The response was a terse bark, humans spoke so quickly; “State your purpose Blood Elf”
Brigante paused, the rain pattering off his helm and gas mask, he slowly took it off, and clipped it to his belt.
“As I say, we come with no quarrel with thee, and I put myself to mortal hazard by addressing you such, to show good earnest intention. We would pass through, doing harm to none, for our Quarrel is with a knave who is most rightly hated by our folk, and by yours alike, we have no reason to war here with thee, in this blasted place”.
A Figure, presumably an officer, though the Alliance host looked faceless, in their matching armour, their similar poses. Had it only been ten years he thought? Only ten years since he had fought alongside such units, What a difference a minute can make, a day, a year, only a decade, so short, and yet he saw them as a faceless wall of steel. How did it come to this?

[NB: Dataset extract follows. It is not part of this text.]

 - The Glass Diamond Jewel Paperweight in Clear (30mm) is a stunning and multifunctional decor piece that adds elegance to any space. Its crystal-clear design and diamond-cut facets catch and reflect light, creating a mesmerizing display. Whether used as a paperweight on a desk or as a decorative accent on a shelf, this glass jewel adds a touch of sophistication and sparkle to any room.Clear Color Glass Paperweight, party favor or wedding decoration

He was glad he had forbidden the wearing of tabards for this mission, the Alliance had little reason to love his Sun Hawks, he knew there was a price on his head, and others of his unit, for actions carried out by both Horde and Alliance units yet laid at their door. Oh he knew alright, the lies were still spoken as truths at Conclave, and the arbitrators did -nothing-. A problem for a different day…
“Disarm yourself!”
Brigante shook his head slowly “That will not happen, let me be bold with the truth and then you may decide how this day unfolds. We would pass through this place, harming none, and thence thee shall hear naught more from us, have I assurance in this matter?”
One of the faceless silver figures, like so many statues given life turned his helm from side to side, before a voice echoed “You have that assurance”

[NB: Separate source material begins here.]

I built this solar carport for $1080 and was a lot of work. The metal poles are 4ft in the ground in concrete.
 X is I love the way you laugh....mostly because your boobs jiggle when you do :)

“Then I call my Elves forwards, and we will advance, we will not bring war upon thee if thee will not upon us”
The Human barked “Just get it done, Elf”
Brigante slowly folded his arms back, setting his bow upon his armour,and turning “Fall in Lieutenant, we pass through”
A low hiss his answer “And if they start anything?”
Brigante smiled, before putting his mask on again “Then kill them all”
And so it was, that the Farstriders passed through the human barricade, suspicious eyes watching them every step of the way. As they passed through, Brigante keenly eyed the human soldiery, with his medical expertise, and realised why the negotiations had went so smoothly.
Both Elves and Humans had wounded, and did not -want- a fight. In terms of Poker?
Both sides had bet on a pair of fives, and the bluff had worked. Both ways.
And so the Sun Hawks passed into Gilneas city, for their rendevouz with Ernesto Salamanca, the Man with the Golden Bow.